Let’s fit the ARIMA(4,1,2) model that was shown to be performing relatively well with a linear trend on the date.
linear_model <- arima(price, order = c(4,1,2), xreg = data$Year)
linear_model
##
## Call:
## arima(x = price, order = c(4, 1, 2), xreg = data$Year)
##
## Coefficients:
## ar1 ar2 ar3 ar4 ma1 ma2 data$Year
## 2.2110 -2.0899 0.9287 -0.2555 -1.6847 0.9516 0.0225
## s.e. 0.0489 0.1051 0.1029 0.0457 0.0246 0.0226 0.0142
##
## sigma^2 estimated as 0.01023: log likelihood = 427.64, aic = -839.29
We have fitted the differenced data \(z_2:N\):
\[(1-\phi(B))(Y_n - \mu - \beta t_n)= \psi(B)\epsilon_n\]
where \(\epsilon_n\) is Gaussian white noise with variance \(sigma^2\).
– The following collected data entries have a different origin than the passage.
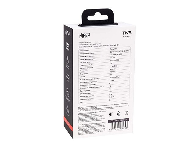 Компактные беспроводные TWS-наушники идеально подходят для повседневного использования, в том числе для спорта в зале и на улице. Дизайн наушников понравится ценителям современных эргономичных гаджетов. Модель не нагружена кнопками, поэтому регулировка громкости и переключение треков осуществляется с помощью чувствительных сенсорных кнопок. Силиконовые амбушюры не ощущаются при использовании. Ножка гарнитуры короткая, поэтому она не будет цепляться за воротник или шарф. Петля на корпусе делает дизайн гаджета футуристичным, а сам корпус не боится брызг воды, капель дождя и пота, так как защищен по стандарту IPX4. Беспроводные наушники могут использоваться для любых задач: прослушивания музыки, просмотра фильмов и разговоров. В них установлены динамики диаметром 10 мм, способные воспроизводить частоты в диапазоне от 20 Гц до 20 000 Гц. Реализована поддержка кодеков SBC, AAC — самых популярных при записи современных аудиодорожек. Встроенный микрофон обеспечит хорошую слышимость голоса владельца устройства для его собеседника. Ёмкость батареи каждого из наушников составляет 70 мАч, объем аккумулятора зарядного футляра в 350 мАч, что обеспечит непрерывное использование гаджета на срок до 16 часов. При этом в режиме ожидания гарнитура сохранит работоспособность до 180 часов. Восполнить запас энергии можно через кабель USB Type-C, который идет в комплекте.
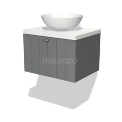 Dankzij het prachtige design is dit badkamermeubel de eyecatcher van uw badkamer. De middengrijze onderkast heeft een moderne uitstraling en is voorzien van een wastafelblad in mat wit. Daarnaast beschikt het meubel over een lamelfront voor een landelijke touch. De handgreep dient u zelf toe te voegen. Deze is verkrijgbaar in verschillende kleuren en vormen.
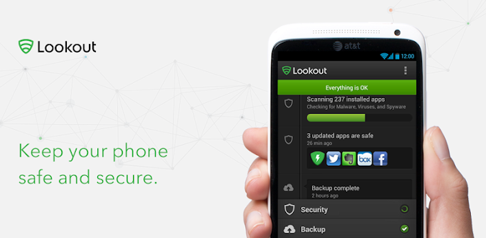 Backed by the Mobile Threat Network, Lookout protects you from bad stuff – like malware and viruses - that can slow down your phone or make unauthorized charges to your wireless bill with over-the-air, real-time updates.
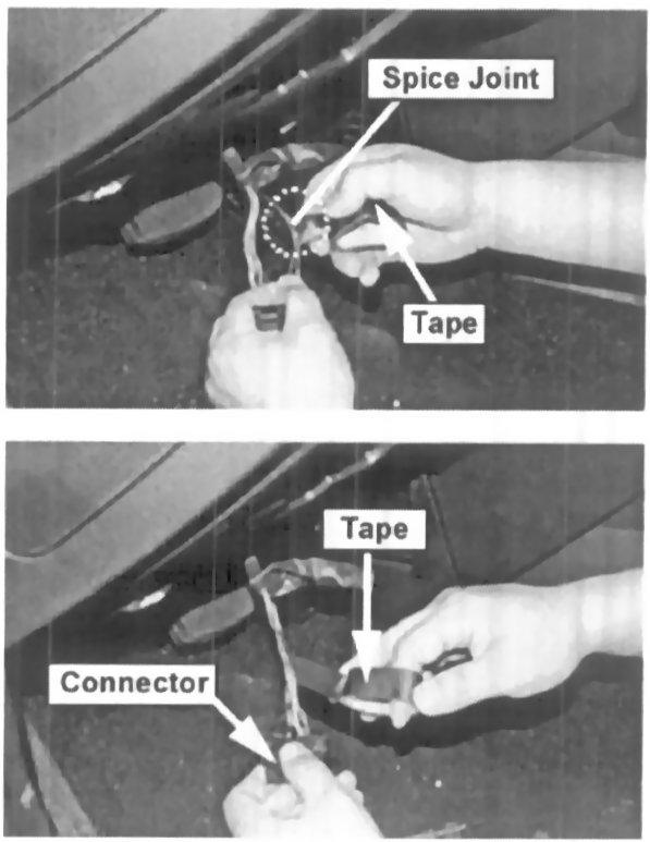 14. Reinstall the protective vinyl tube on the OBD connector wires and then cover with tape.
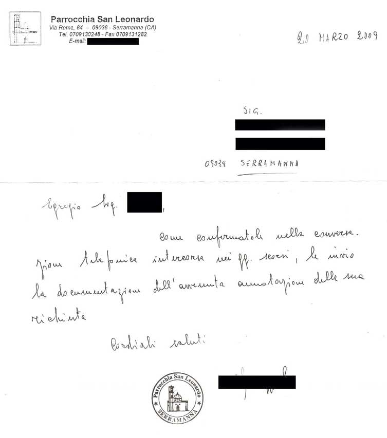 Una persona ha chiesto la rettifica dei dati relativi al proprio battesimo avvenuto a S. Leonardo - SERRAMANNA (SU) il 20/03/2009, dichiarando di non voler più far parte della Chiesa Cattolica.
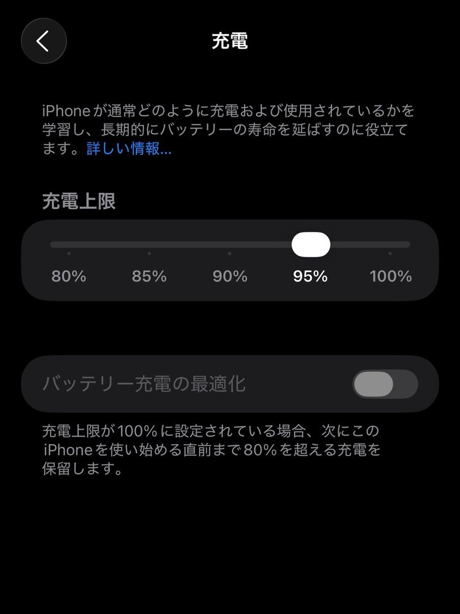 バッテリーの劣化を抑える効果が実際にあるのか?無いのか?は知らんけど、一旦乗っかって充電上限を95%に設定してる。 だがしかし、稀にその設定を貫通して100%になってる時があるw #iOS26 #不具合 #バグ #Apple #iPhone16ProMax #iPhoneXSMax #iPhone #iOS #iOS2601 #iOS1871 pic.x.com/MBOWGvhyE8
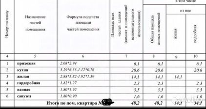 Общая площадь - 48,2 кв. м. жилая площадь - 14,1 кв. м, площадь кухни - 20, 6 кв. м.
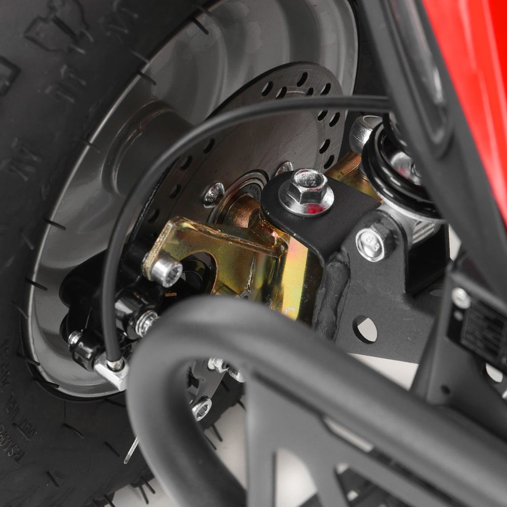 HECHT 54100 accu quad offers reliable and quiet operation. It has the dimensions of 100 x 59 x 60 cm and a weight of 42 kg and it is easy to handle. Thanks to the 36 V / 12 Ah battery with 1000 W of power, it reaches a maximum speed of 25 km/h and a range of 13-18 km. It has 3 speeds, reverse, safety pedal, battery indicator, and disc brakes for comfortable and safe riding.

To test whether there exista a linear trend, we will perform hypothesis test with null model: \[H_0: \beta = 0\] against the alternative hypotheses \[H_A = \beta \neq 0\].
Then, perform a z-test on the slope parameter on the coefficient of the date
variable by calculating the test statistic: \(\frac{\beta}{s.e(\hat{\beta})}\).
0.0547/0.0710
## [1] 0.7704225
0.7704225 < 1.96. Therefore, we fail to reject our null hypothesis \(H_0\) at 5% level.
We can further confirm this by performing a likelihood ratio test, by computing the difference in log likelihood between the model with a linear trend and one without.
426.69 - 426.4
## [1] 0.29
0.29 < 1.92. Therefore, we again fail to reject our null hypothesis \(H_0\) at 5% level.
(Lecture Notes Chapter 6, page 7-8)
Therefore, both z-test and likelihood ratio test agree that there exist no linear trend in the differenced data.
In this project, we want to verify that if we could fit a model for the gasoline price of the United states for future prediction. We would also love to discuss the change of the monthly prices.
In our analysis, we have found that there is no apparent model for us to fit the overall trend. As the price of the gasoline is highly correlated with the previous data, we could not figure out a simple model for further prediction without any other data sources. Also, we have found no periodical pattern in the fluctuation of the gasoline prices, which means that the change of gasoline prices is somehow irreversible. However, the change of the price itself is pretty steady. It indicates that the price of gasoline would not change dramatically between months to months, but there is also no trend in the amount of change.
In the future, we want to combine this data with some other data sources, such as the CPI (Consumer price index) data to check whether there is any causal impact between the gasoline price and CPI. We would also love to refer to some important historical events, such as the oil crisis and the pandemic, and check whether these events would pose a great influence.
[1] U.S. Bureau of Labor Statistics Average Gasoline Price Per Gallon.
[2] Ionides, Edward. Analysis of Time Series lecture notes chapter 9.
[3] Ionides, Edward. Analysis of Time Series lecture notes chapter 5.
[4] Ionides, Edward. Analysis of Time Series lecture notes chapter 6.
[5] Otexts.comIonides, Edward. Regression with ARMA errors.